__What you have to do__
Every line of the listing must be reproduced as it stands. Leave the images behind.

__Data shown__
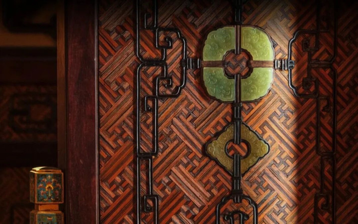 竹丝镶嵌工艺来自我国南方地区,是在木胎或竹胎表面,用竹丝拼嵌出复杂纹样。倦勤斋、符望阁、延趣楼的挂檐板、炕沿板和落地罩上,直径仅半毫米的竹丝被染成黑、褐、红等不同颜色,拼出多种几何纹样,是竹丝镶嵌工艺在北方建筑上应用的罕见实例。
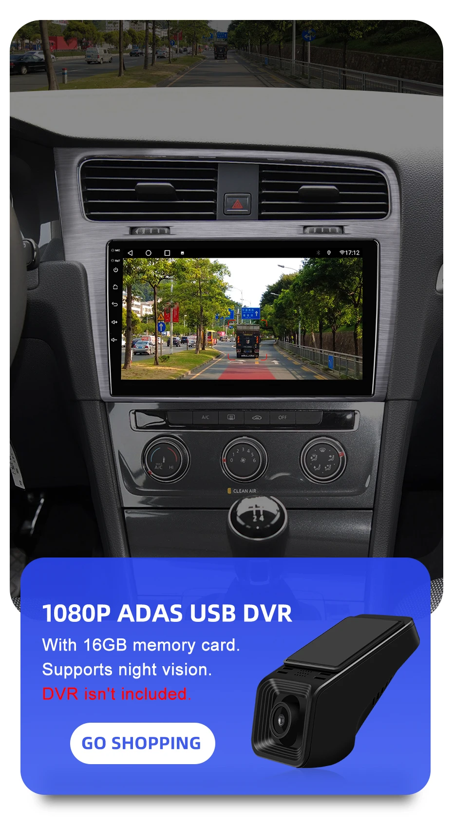 Поддерживает 1080P USB DVR, вам просто нужно подключиться к видеорегистраторУ через USB. Легко устанавливается.
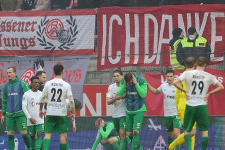 Tags zuvor war das Topspiel der Regionalliga West nach dem folgenschweren Böllerwurf, bei dem die Münsteraner Verletzungen erlitten, beim Stand von 1:1 in der 74. Minute abgebrochen worden.
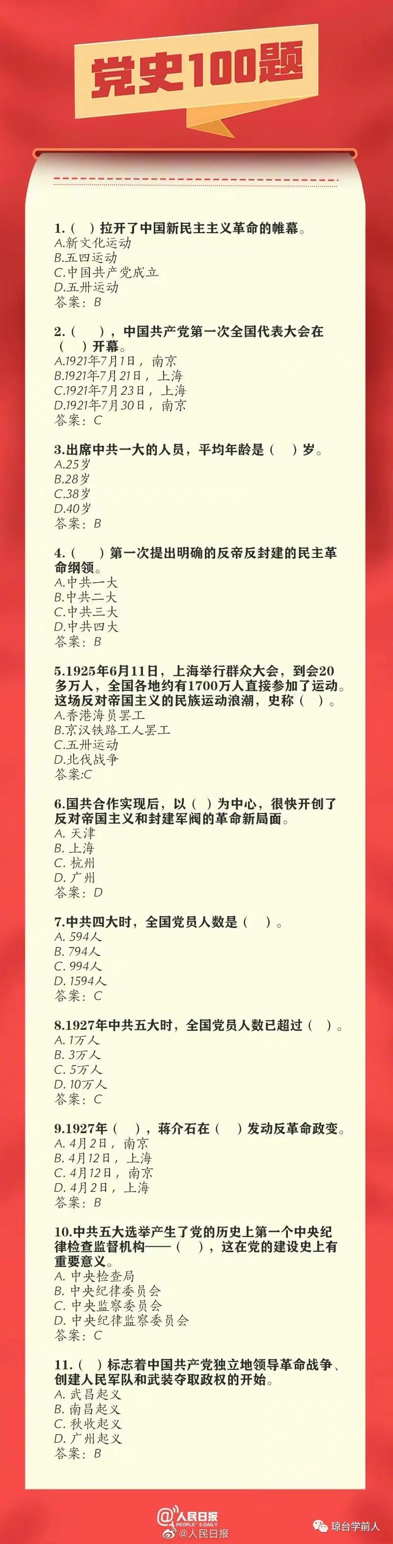 【党史知识库】速学 这些党史知识题你都会吗
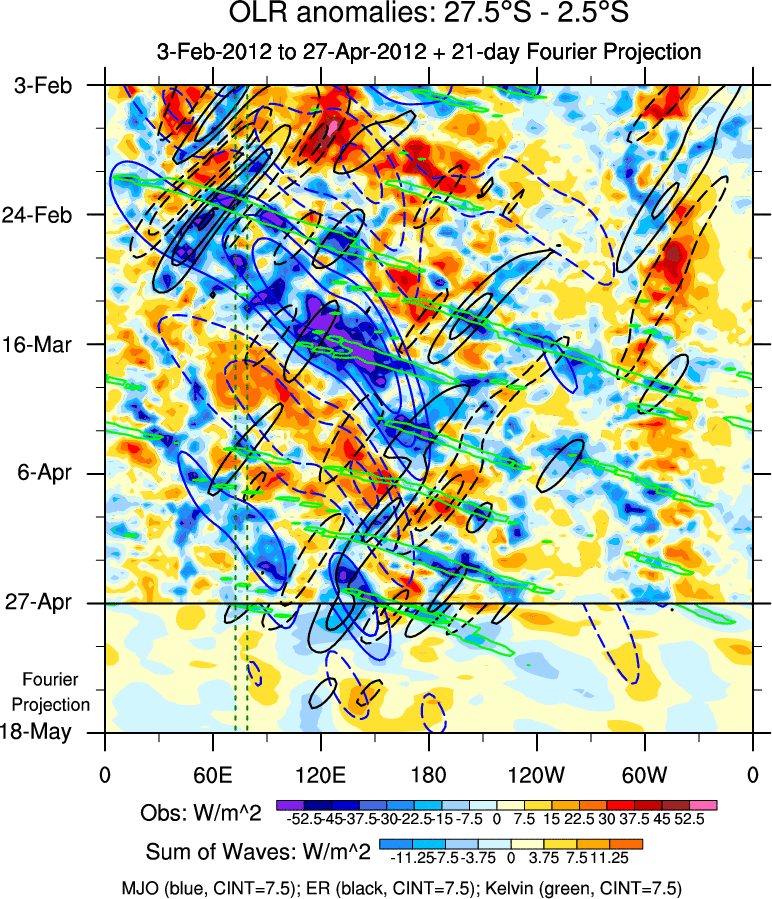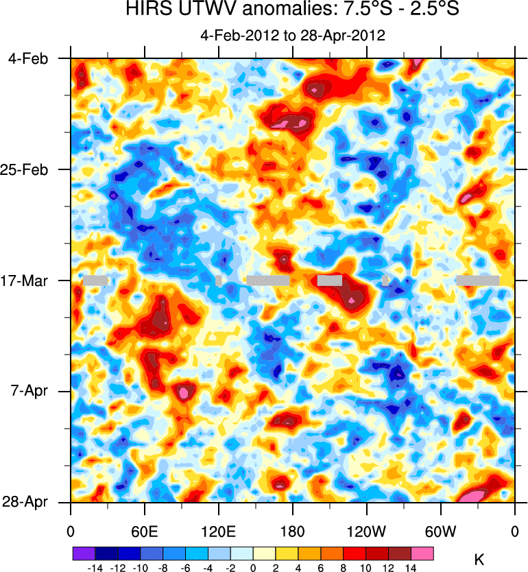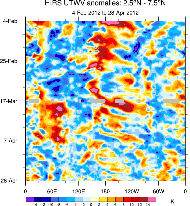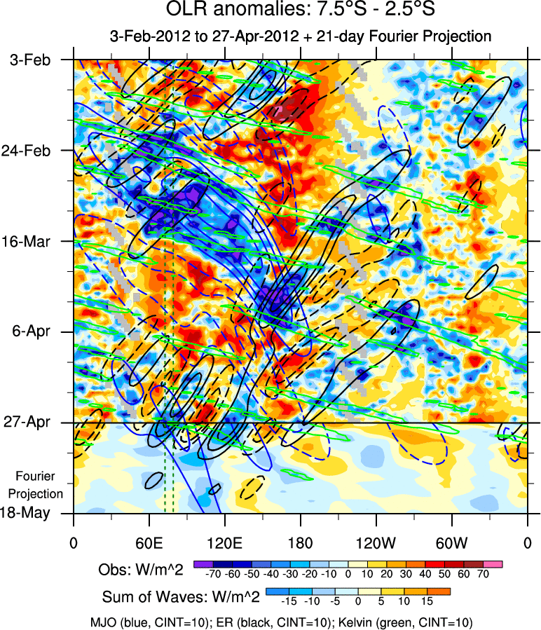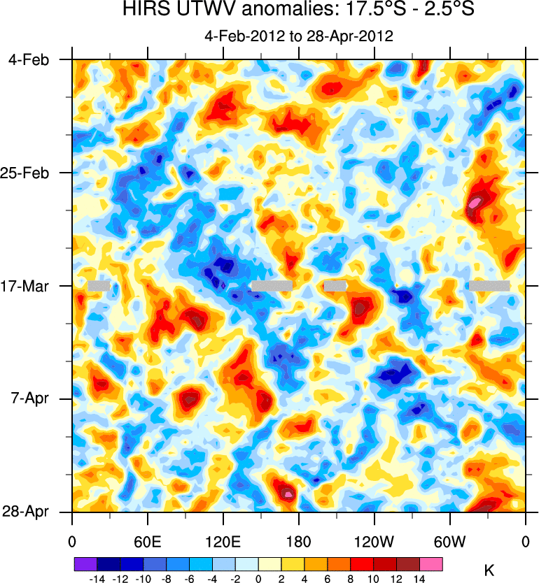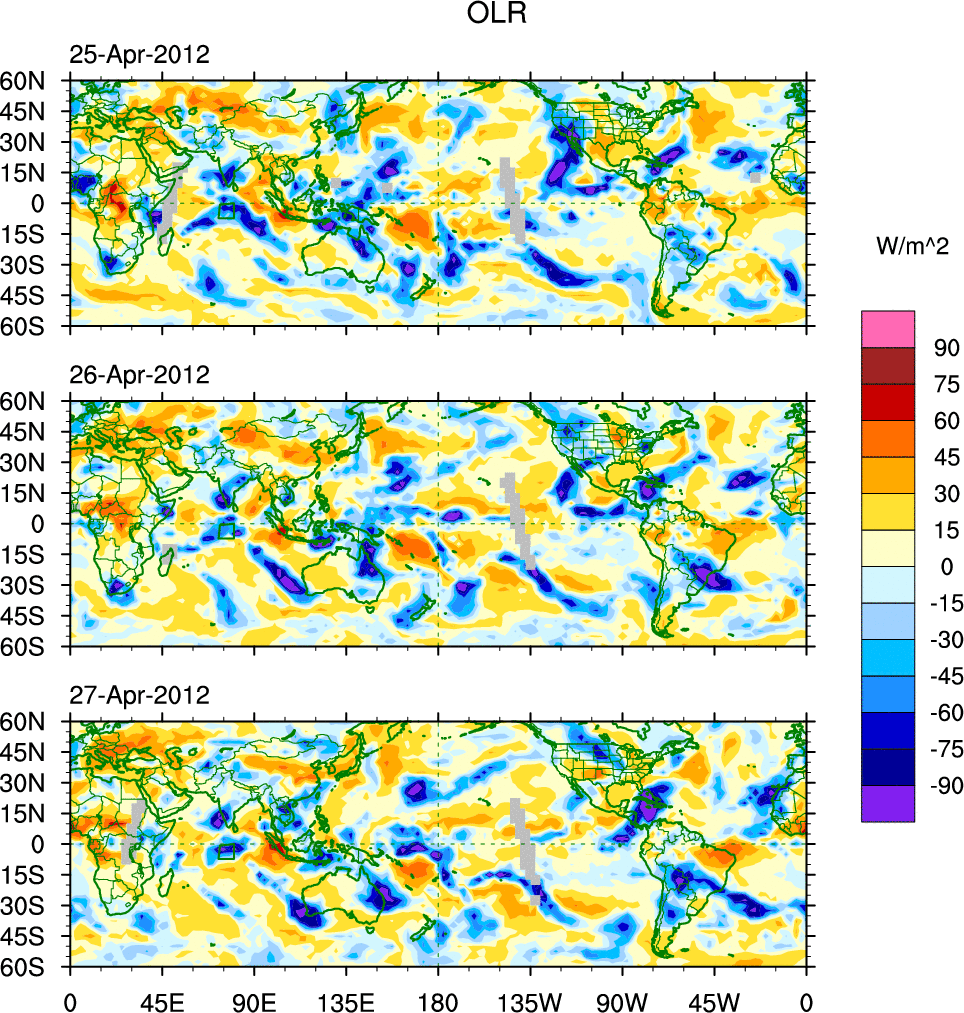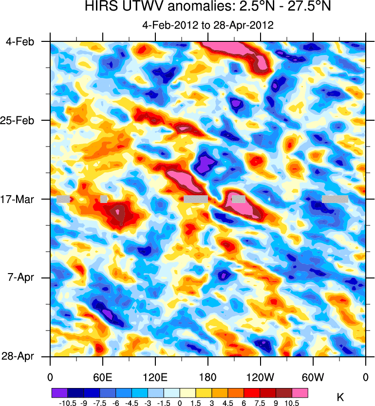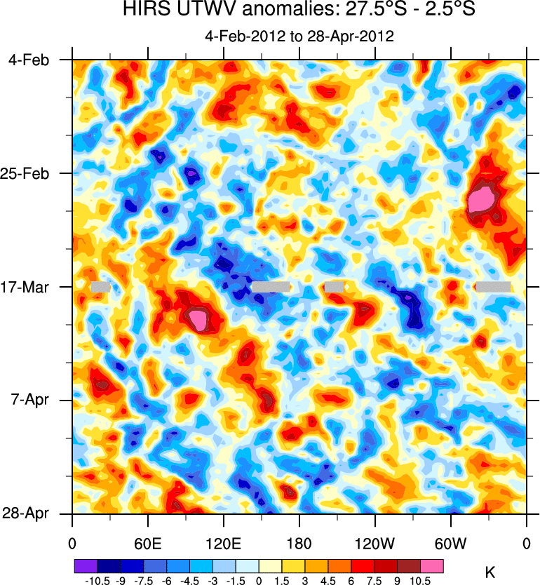 To identify tropical waves in near real-time, the OLR and UTWV data are filtered following Wheeler & Weickmann (2001 MWR). The daily anomalies are calculated using the first 3 harmonics of the seasonal cycle for 1979–2009. Missing values are then filled using linear interpolation in space and time. The most recent 365 days of anomalies are padded with 659 days of zeroes, and the result is filtered for each wave type.

__Task response__
 竹丝镶嵌工艺来自我国南方地区,是在木胎或竹胎表面,用竹丝拼嵌出复杂纹样。倦勤斋、符望阁、延趣楼的挂檐板、炕沿板和落地罩上,直径仅半毫米的竹丝被染成黑、褐、红等不同颜色,拼出多种几何纹样,是竹丝镶嵌工艺在北方建筑上应用的罕见实例。
 Поддерживает 1080P USB DVR, вам просто нужно подключиться к видеорегистраторУ через USB. Легко устанавливается.
 Tags zuvor war das Topspiel der Regionalliga West nach dem folgenschweren Böllerwurf, bei dem die Münsteraner Verletzungen erlitten, beim Stand von 1:1 in der 74. Minute abgebrochen worden.
 【党史知识库】速学 这些党史知识题你都会吗
 To identify tropical waves in near real-time, the OLR and UTWV data are filtered following Wheeler & Weickmann (2001 MWR). The daily anomalies are calculated using the first 3 harmonics of the seasonal cycle for 1979–2009. Missing values are then filled using linear interpolation in space and time. The most recent 365 days of anomalies are padded with 659 days of zeroes, and the result is filtered for each wave type.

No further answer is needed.